SOURCE DATA
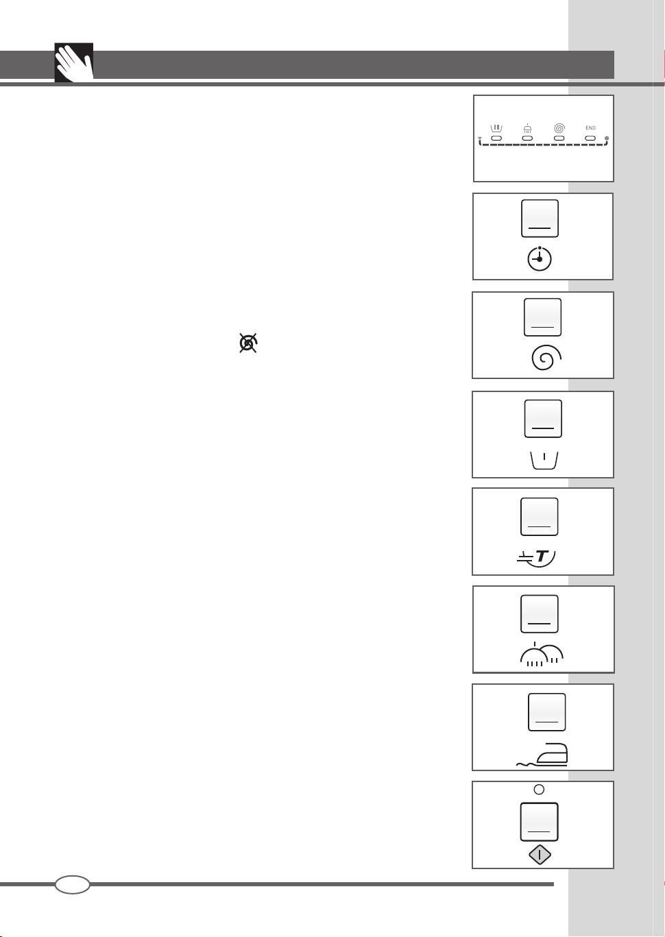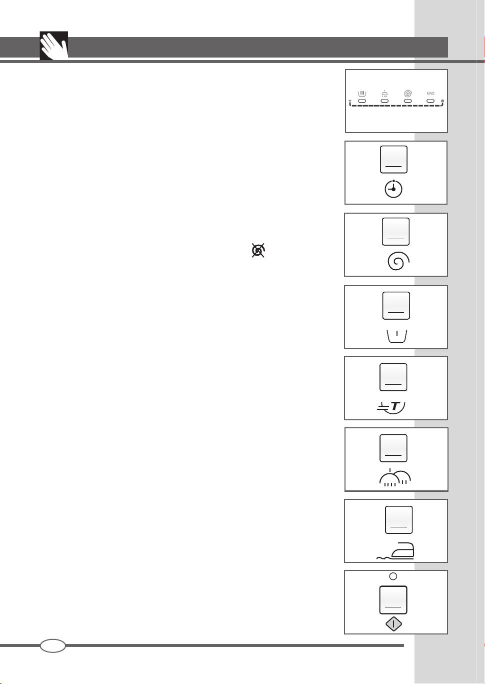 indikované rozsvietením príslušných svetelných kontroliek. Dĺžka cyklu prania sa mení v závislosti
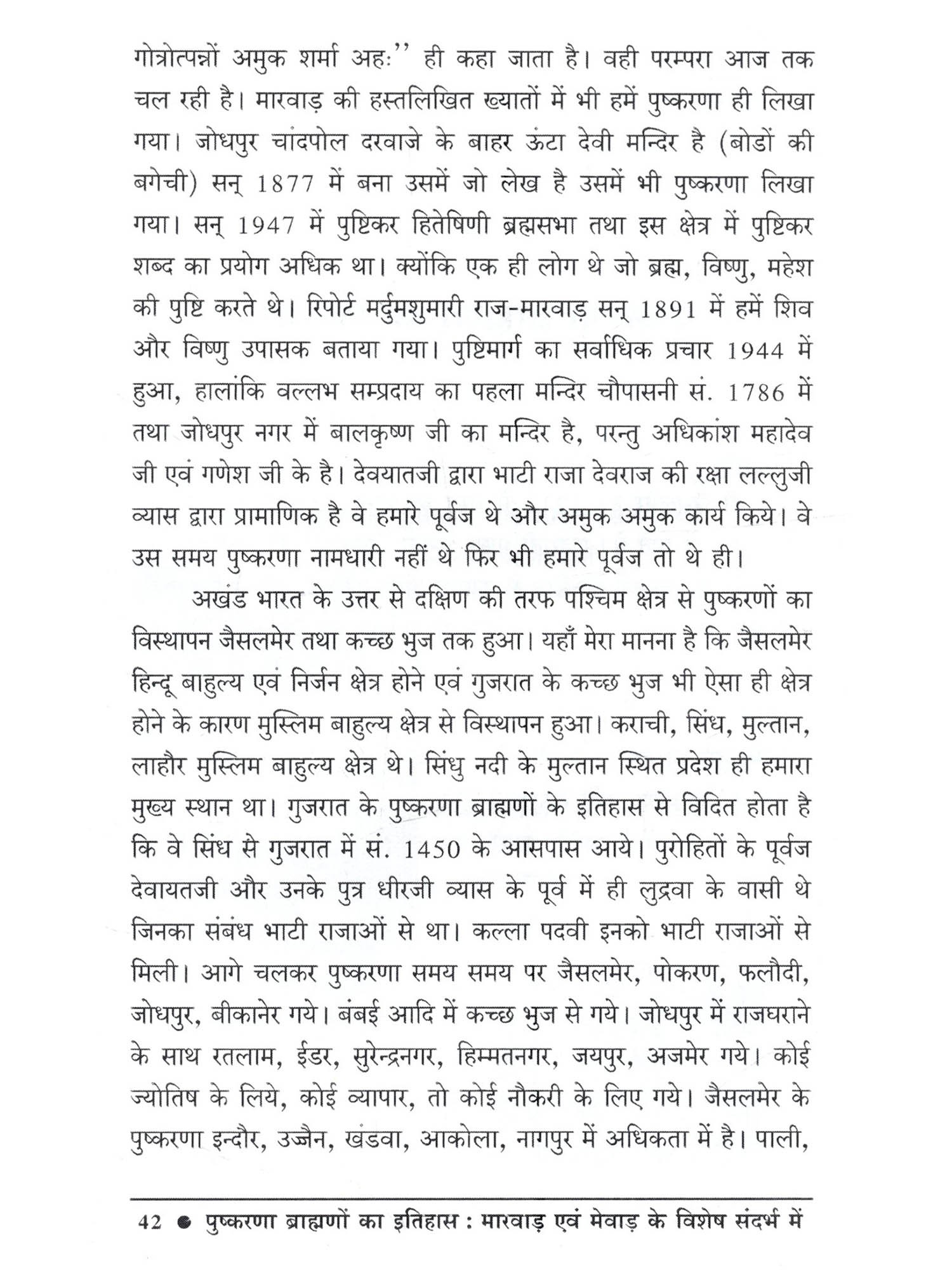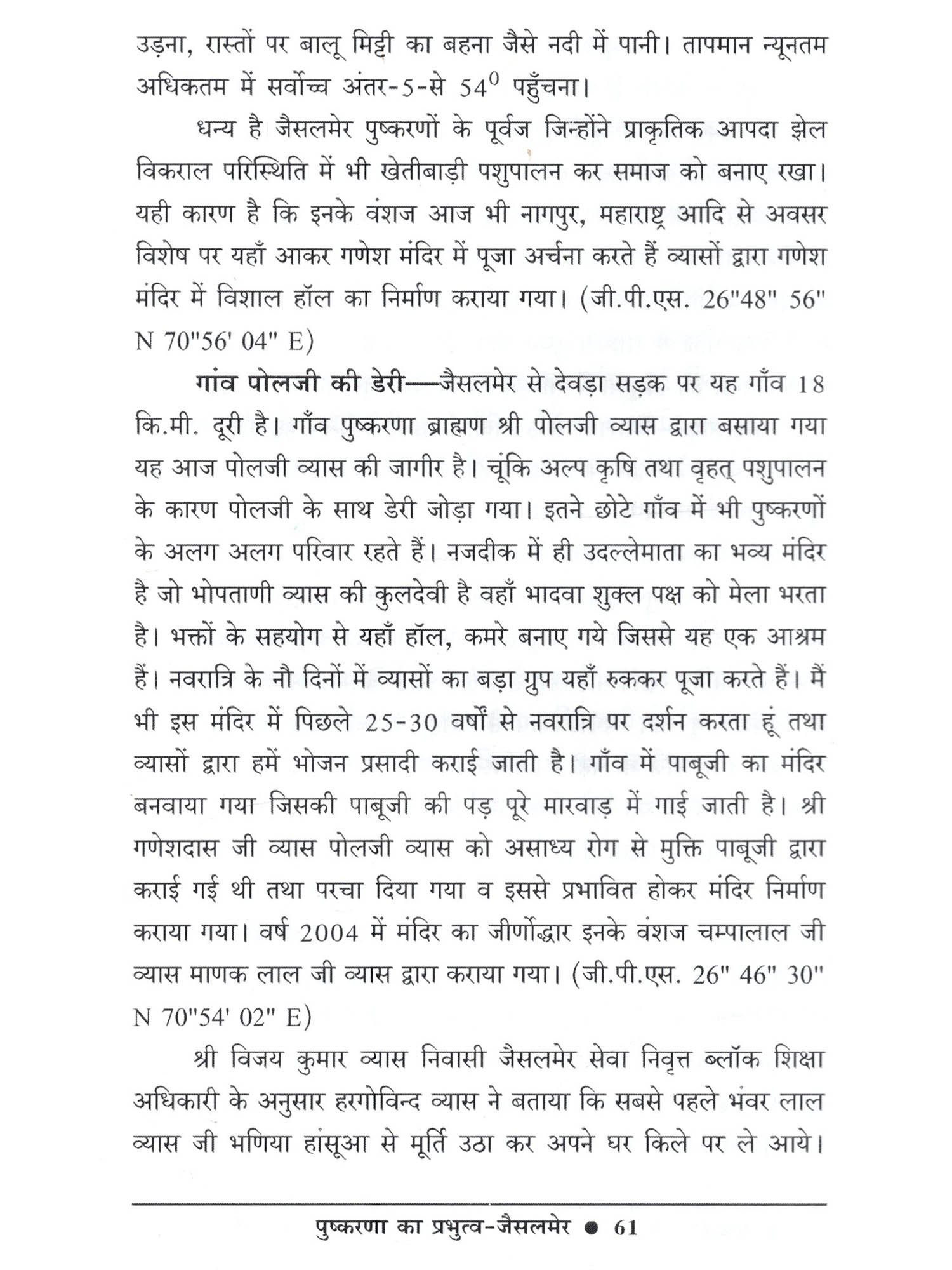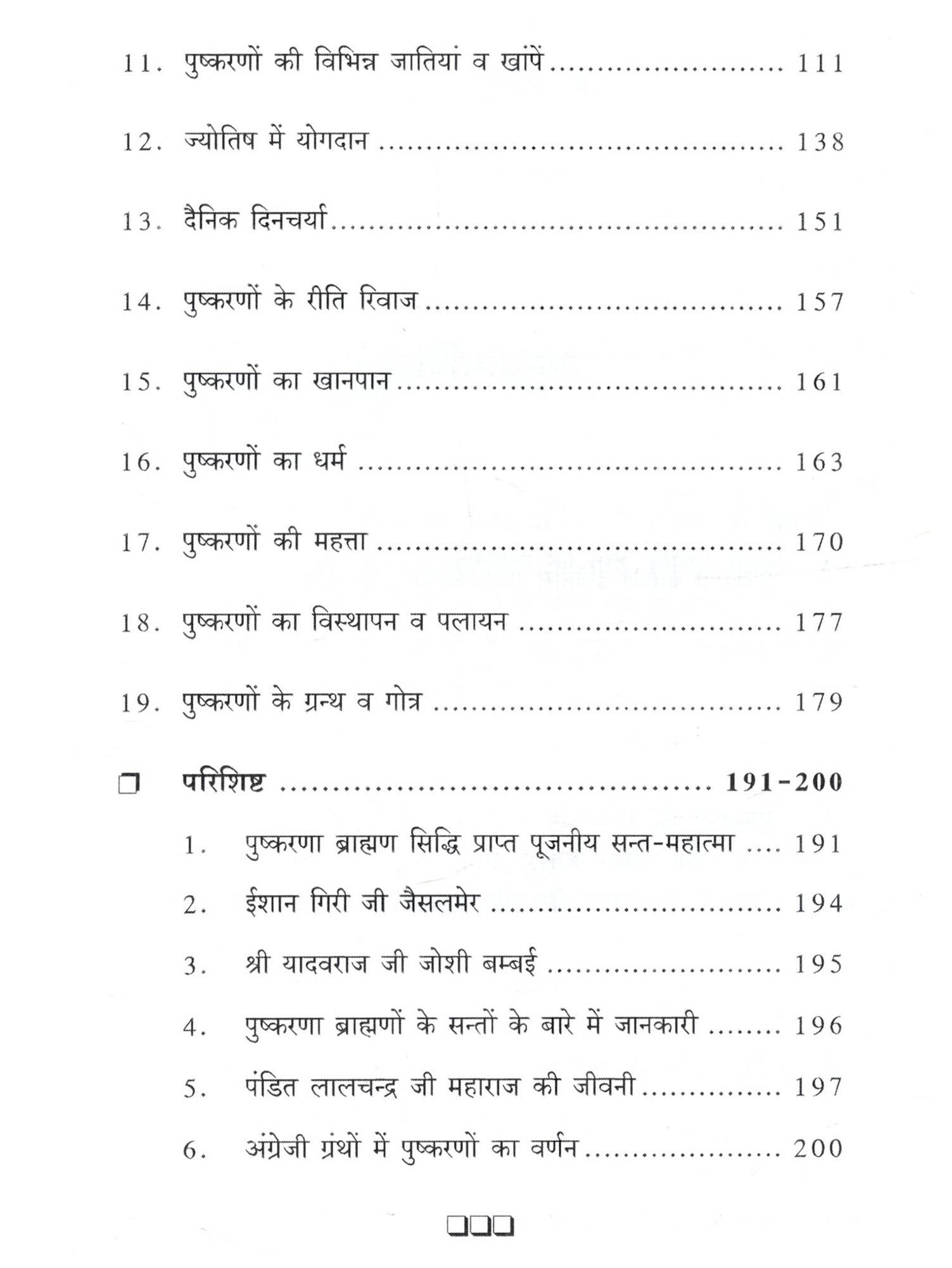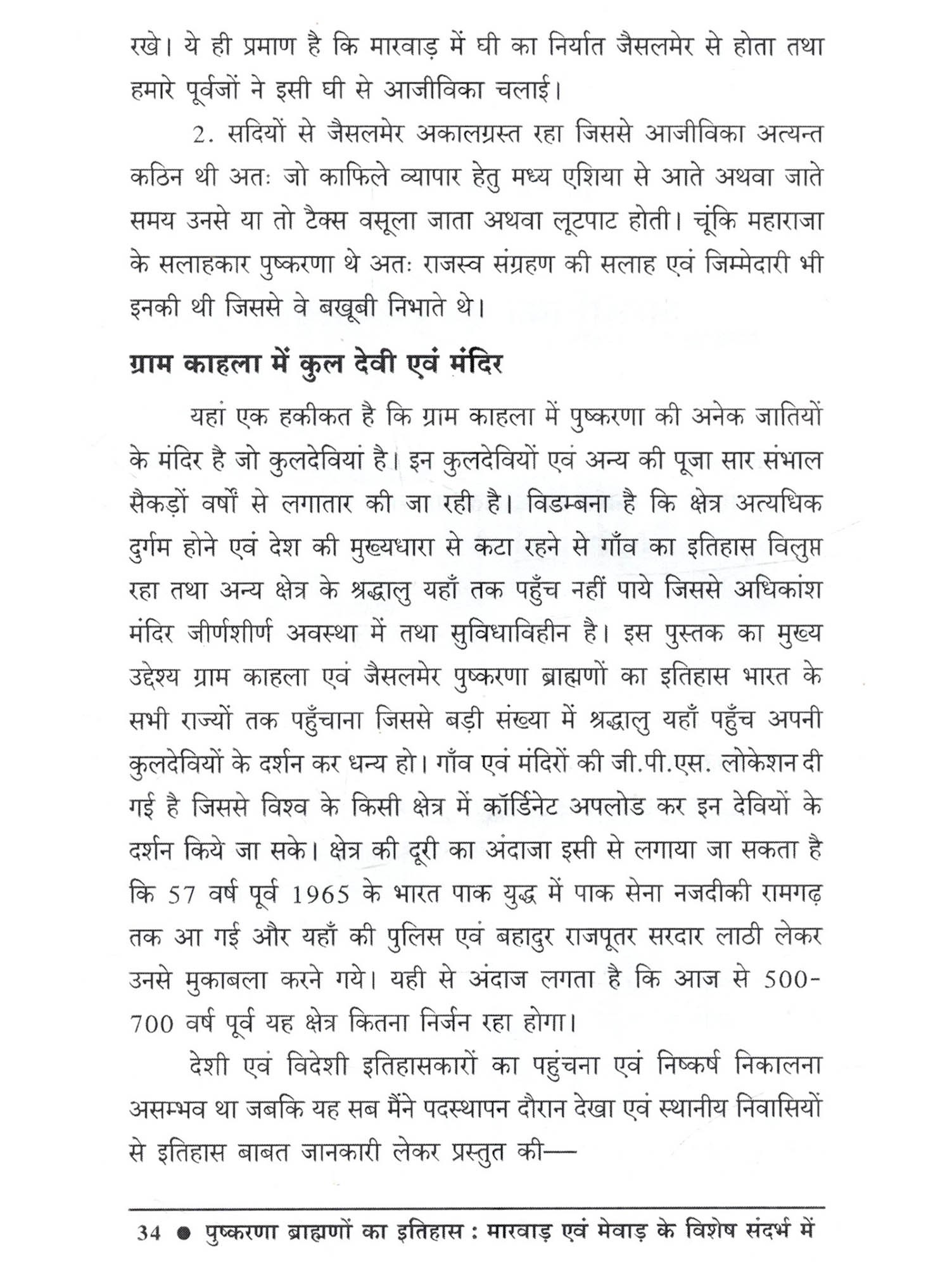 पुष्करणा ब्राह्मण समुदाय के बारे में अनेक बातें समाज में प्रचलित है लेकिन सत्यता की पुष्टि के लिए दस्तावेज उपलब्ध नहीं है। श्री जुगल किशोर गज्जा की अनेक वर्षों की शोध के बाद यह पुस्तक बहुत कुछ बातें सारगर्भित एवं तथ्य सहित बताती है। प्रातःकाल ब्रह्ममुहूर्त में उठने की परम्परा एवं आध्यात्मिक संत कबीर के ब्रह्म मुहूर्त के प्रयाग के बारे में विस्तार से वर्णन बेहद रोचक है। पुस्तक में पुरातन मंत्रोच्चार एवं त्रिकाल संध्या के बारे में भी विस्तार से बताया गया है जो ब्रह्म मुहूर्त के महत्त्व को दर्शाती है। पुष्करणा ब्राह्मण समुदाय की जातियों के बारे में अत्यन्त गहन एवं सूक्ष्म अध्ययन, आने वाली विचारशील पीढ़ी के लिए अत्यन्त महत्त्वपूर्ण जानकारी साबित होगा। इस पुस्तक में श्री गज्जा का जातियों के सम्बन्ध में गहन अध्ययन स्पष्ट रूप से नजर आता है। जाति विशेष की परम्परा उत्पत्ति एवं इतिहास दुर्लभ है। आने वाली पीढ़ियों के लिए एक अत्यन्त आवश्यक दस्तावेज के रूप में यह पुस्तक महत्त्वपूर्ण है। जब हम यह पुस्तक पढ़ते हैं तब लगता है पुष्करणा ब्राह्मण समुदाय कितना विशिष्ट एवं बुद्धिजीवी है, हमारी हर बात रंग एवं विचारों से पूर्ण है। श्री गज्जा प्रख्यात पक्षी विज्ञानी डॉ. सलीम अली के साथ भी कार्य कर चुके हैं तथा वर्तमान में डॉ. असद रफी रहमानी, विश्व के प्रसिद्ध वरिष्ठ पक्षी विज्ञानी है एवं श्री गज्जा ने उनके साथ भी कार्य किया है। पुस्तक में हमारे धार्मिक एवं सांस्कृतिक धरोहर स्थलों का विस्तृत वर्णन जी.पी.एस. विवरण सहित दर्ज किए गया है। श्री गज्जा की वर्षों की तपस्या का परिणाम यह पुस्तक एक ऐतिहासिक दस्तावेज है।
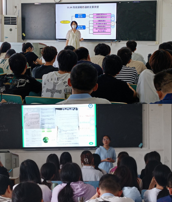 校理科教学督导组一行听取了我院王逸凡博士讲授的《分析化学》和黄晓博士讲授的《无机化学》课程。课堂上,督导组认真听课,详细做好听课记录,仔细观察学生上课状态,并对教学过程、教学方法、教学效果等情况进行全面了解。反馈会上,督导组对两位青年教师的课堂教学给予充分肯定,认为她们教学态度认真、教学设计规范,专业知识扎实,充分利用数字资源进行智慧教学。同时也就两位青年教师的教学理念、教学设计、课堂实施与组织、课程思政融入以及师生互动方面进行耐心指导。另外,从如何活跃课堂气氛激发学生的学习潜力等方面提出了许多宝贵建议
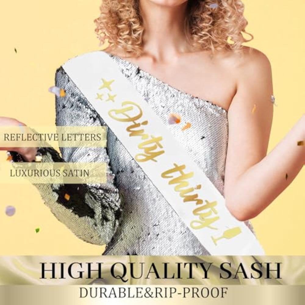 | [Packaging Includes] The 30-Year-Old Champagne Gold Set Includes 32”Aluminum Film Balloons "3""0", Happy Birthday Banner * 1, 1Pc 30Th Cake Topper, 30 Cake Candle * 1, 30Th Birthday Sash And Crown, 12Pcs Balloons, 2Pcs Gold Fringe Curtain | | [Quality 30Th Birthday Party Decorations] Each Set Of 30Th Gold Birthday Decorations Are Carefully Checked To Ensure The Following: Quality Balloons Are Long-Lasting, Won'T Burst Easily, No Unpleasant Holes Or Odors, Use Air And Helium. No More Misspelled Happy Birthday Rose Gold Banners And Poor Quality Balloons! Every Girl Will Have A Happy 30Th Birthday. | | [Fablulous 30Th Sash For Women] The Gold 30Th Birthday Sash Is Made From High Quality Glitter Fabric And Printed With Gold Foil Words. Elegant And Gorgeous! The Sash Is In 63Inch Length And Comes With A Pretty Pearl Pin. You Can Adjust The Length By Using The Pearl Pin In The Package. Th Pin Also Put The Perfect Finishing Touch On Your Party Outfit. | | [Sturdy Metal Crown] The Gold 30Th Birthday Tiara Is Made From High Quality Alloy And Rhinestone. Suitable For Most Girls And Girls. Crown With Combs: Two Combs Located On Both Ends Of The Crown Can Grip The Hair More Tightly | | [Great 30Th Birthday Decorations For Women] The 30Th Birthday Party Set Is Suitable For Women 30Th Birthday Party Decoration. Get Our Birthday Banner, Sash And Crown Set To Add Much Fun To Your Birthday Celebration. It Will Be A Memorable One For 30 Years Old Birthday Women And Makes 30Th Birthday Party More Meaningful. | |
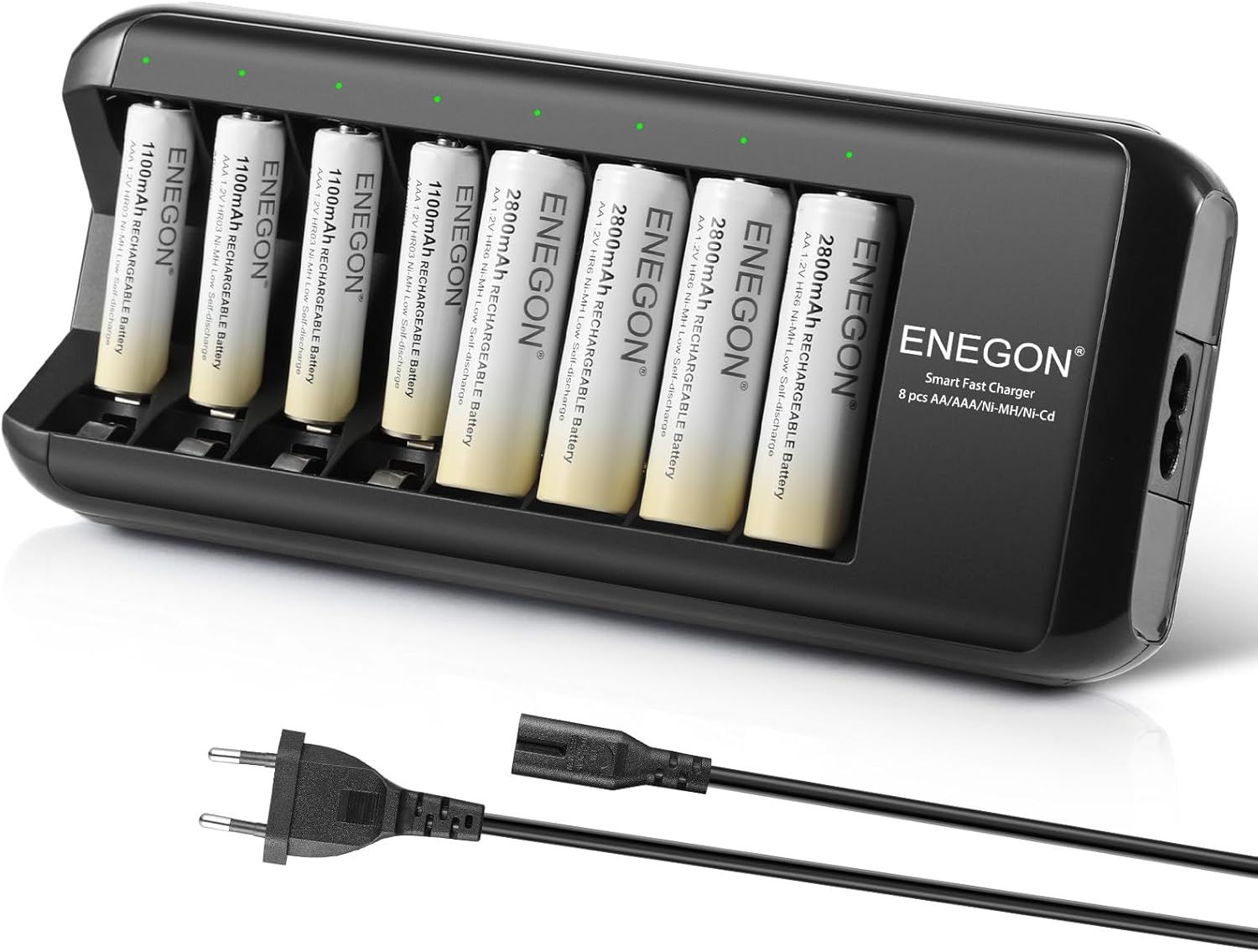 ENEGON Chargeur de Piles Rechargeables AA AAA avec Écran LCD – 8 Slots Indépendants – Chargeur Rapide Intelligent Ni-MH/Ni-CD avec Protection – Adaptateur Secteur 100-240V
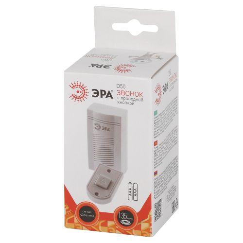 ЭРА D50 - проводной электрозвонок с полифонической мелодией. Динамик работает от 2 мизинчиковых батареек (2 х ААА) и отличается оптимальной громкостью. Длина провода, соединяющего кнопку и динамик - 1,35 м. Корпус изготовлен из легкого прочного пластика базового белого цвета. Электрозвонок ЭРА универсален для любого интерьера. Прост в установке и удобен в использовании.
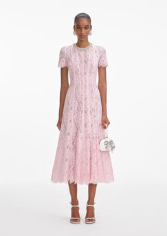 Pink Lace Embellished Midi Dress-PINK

WHAT THIS TASK INVOLVES
Please print all the entries exactly as written, but drop the pictures.

YOUR RESPONSE
 indikované rozsvietením príslušných svetelných kontroliek. Dĺžka cyklu prania sa mení v závislosti
 पुष्करणा ब्राह्मण समुदाय के बारे में अनेक बातें समाज में प्रचलित है लेकिन सत्यता की पुष्टि के लिए दस्तावेज उपलब्ध नहीं है। श्री जुगल किशोर गज्जा की अनेक वर्षों की शोध के बाद यह पुस्तक बहुत कुछ बातें सारगर्भित एवं तथ्य सहित बताती है। प्रातःकाल ब्रह्ममुहूर्त में उठने की परम्परा एवं आध्यात्मिक संत कबीर के ब्रह्म मुहूर्त के प्रयाग के बारे में विस्तार से वर्णन बेहद रोचक है। पुस्तक में पुरातन मंत्रोच्चार एवं त्रिकाल संध्या के बारे में भी विस्तार से बताया गया है जो ब्रह्म मुहूर्त के महत्त्व को दर्शाती है। पुष्करणा ब्राह्मण समुदाय की जातियों के बारे में अत्यन्त गहन एवं सूक्ष्म अध्ययन, आने वाली विचारशील पीढ़ी के लिए अत्यन्त महत्त्वपूर्ण जानकारी साबित होगा। इस पुस्तक में श्री गज्जा का जातियों के सम्बन्ध में गहन अध्ययन स्पष्ट रूप से नजर आता है। जाति विशेष की परम्परा उत्पत्ति एवं इतिहास दुर्लभ है। आने वाली पीढ़ियों के लिए एक अत्यन्त आवश्यक दस्तावेज के रूप में यह पुस्तक महत्त्वपूर्ण है। जब हम यह पुस्तक पढ़ते हैं तब लगता है पुष्करणा ब्राह्मण समुदाय कितना विशिष्ट एवं बुद्धिजीवी है, हमारी हर बात रंग एवं विचारों से पूर्ण है। श्री गज्जा प्रख्यात पक्षी विज्ञानी डॉ. सलीम अली के साथ भी कार्य कर चुके हैं तथा वर्तमान में डॉ. असद रफी रहमानी, विश्व के प्रसिद्ध वरिष्ठ पक्षी विज्ञानी है एवं श्री गज्जा ने उनके साथ भी कार्य किया है। पुस्तक में हमारे धार्मिक एवं सांस्कृतिक धरोहर स्थलों का विस्तृत वर्णन जी.पी.एस. विवरण सहित दर्ज किए गया है। श्री गज्जा की वर्षों की तपस्या का परिणाम यह पुस्तक एक ऐतिहासिक दस्तावेज है।
 校理科教学督导组一行听取了我院王逸凡博士讲授的《分析化学》和黄晓博士讲授的《无机化学》课程。课堂上,督导组认真听课,详细做好听课记录,仔细观察学生上课状态,并对教学过程、教学方法、教学效果等情况进行全面了解。反馈会上,督导组对两位青年教师的课堂教学给予充分肯定,认为她们教学态度认真、教学设计规范,专业知识扎实,充分利用数字资源进行智慧教学。同时也就两位青年教师的教学理念、教学设计、课堂实施与组织、课程思政融入以及师生互动方面进行耐心指导。另外,从如何活跃课堂气氛激发学生的学习潜力等方面提出了许多宝贵建议
 | [Packaging Includes] The 30-Year-Old Champagne Gold Set Includes 32”Aluminum Film Balloons "3""0", Happy Birthday Banner * 1, 1Pc 30Th Cake Topper, 30 Cake Candle * 1, 30Th Birthday Sash And Crown, 12Pcs Balloons, 2Pcs Gold Fringe Curtain | | [Quality 30Th Birthday Party Decorations] Each Set Of 30Th Gold Birthday Decorations Are Carefully Checked To Ensure The Following: Quality Balloons Are Long-Lasting, Won'T Burst Easily, No Unpleasant Holes Or Odors, Use Air And Helium. No More Misspelled Happy Birthday Rose Gold Banners And Poor Quality Balloons! Every Girl Will Have A Happy 30Th Birthday. | | [Fablulous 30Th Sash For Women] The Gold 30Th Birthday Sash Is Made From High Quality Glitter Fabric And Printed With Gold Foil Words. Elegant And Gorgeous! The Sash Is In 63Inch Length And Comes With A Pretty Pearl Pin. You Can Adjust The Length By Using The Pearl Pin In The Package. Th Pin Also Put The Perfect Finishing Touch On Your Party Outfit. | | [Sturdy Metal Crown] The Gold 30Th Birthday Tiara Is Made From High Quality Alloy And Rhinestone. Suitable For Most Girls And Girls. Crown With Combs: Two Combs Located On Both Ends Of The Crown Can Grip The Hair More Tightly | | [Great 30Th Birthday Decorations For Women] The 30Th Birthday Party Set Is Suitable For Women 30Th Birthday Party Decoration. Get Our Birthday Banner, Sash And Crown Set To Add Much Fun To Your Birthday Celebration. It Will Be A Memorable One For 30 Years Old Birthday Women And Makes 30Th Birthday Party More Meaningful. | |
 ENEGON Chargeur de Piles Rechargeables AA AAA avec Écran LCD – 8 Slots Indépendants – Chargeur Rapide Intelligent Ni-MH/Ni-CD avec Protection – Adaptateur Secteur 100-240V
 ЭРА D50 - проводной электрозвонок с полифонической мелодией. Динамик работает от 2 мизинчиковых батареек (2 х ААА) и отличается оптимальной громкостью. Длина провода, соединяющего кнопку и динамик - 1,35 м. Корпус изготовлен из легкого прочного пластика базового белого цвета. Электрозвонок ЭРА универсален для любого интерьера. Прост в установке и удобен в использовании.
 Pink Lace Embellished Midi Dress-PINK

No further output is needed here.